▶ _DATASET SECTION_:
┌──

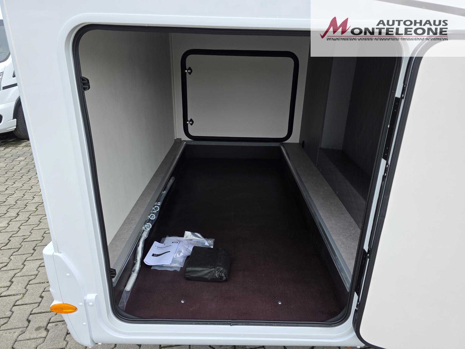 • Großzügige Heckgarage mit Rahmenabsenkung, Verzurrösen und Innenbeleuchtung (modellabhängig) vorhanden
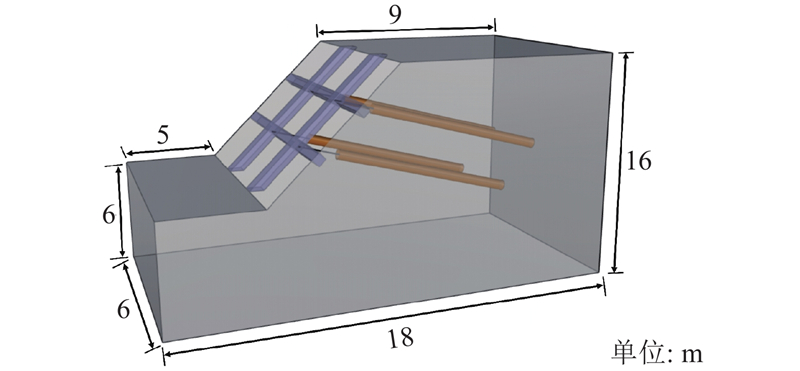 如图11所示,西北地区某边坡支护工程边坡高度为18 m,土体冻结温度为−1 ℃,冬半年平均地表温度为−17 ℃. 初步拟定框架锚杆支护边坡所用混凝土标号为C30,锚杆杆体采用HRB400钢筋,取锚杆间距为2 m,混凝土的弹性模量为3.0×104 MPa,锚杆弹性模量为3.5×105 MPa,锚杆注浆体弹性模量为3.0×104 MPa,锚杆孔径为150 mm,锚杆长度为10 m. 框架横梁宽度设计宽度为550 mm,立柱设计宽度为500 mm,横梁和立柱之间的间距为2 m. 该边坡岩土体以粉质黏土
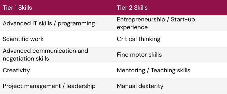 New job opportunities will arise from the ashes! The labor market is currently undergoing a massive transformation, which can cause a temporarily precarious situation for job entrants and for people in jobs that can be heavily substituted by AI. To master this transition, companies are pursuing differentiated strategies. While hiring new talent is currently focused primarily in highly qualified areas, the focus is on internal training for using AI. Since the transition from manual tasks to complex IT skills is extremely time-consuming, according to the McKinsey study (2025), almost half of companies rely on their own in-house training and mentoring to make their workforce fit for the new reality by 2030. Below, Fit4Prax provides an overview of selected skills that already play an important role in many job profiles today and in the future.
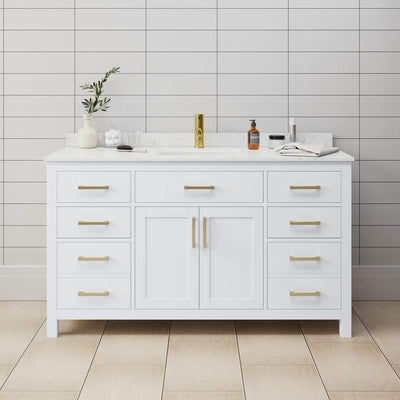Wyndham Collection Beckett 60" Single Sink Bath Vanity with Carrara Marble Top

└──

▶ _THE TASK_: Every line from the one holding "New job opportunities" through the final line of the data above is to be reproduced exactly, both ends included, with the pictures left out.

▶ _SOLUTION TO THIS TASK_:
 New job opportunities will arise from the ashes! The labor market is currently undergoing a massive transformation, which can cause a temporarily precarious situation for job entrants and for people in jobs that can be heavily substituted by AI. To master this transition, companies are pursuing differentiated strategies. While hiring new talent is currently focused primarily in highly qualified areas, the focus is on internal training for using AI. Since the transition from manual tasks to complex IT skills is extremely time-consuming, according to the McKinsey study (2025), almost half of companies rely on their own in-house training and mentoring to make their workforce fit for the new reality by 2030. Below, Fit4Prax provides an overview of selected skills that already play an important role in many job profiles today and in the future.
Wyndham Collection Beckett 60" Single Sink Bath Vanity with Carrara Marble Top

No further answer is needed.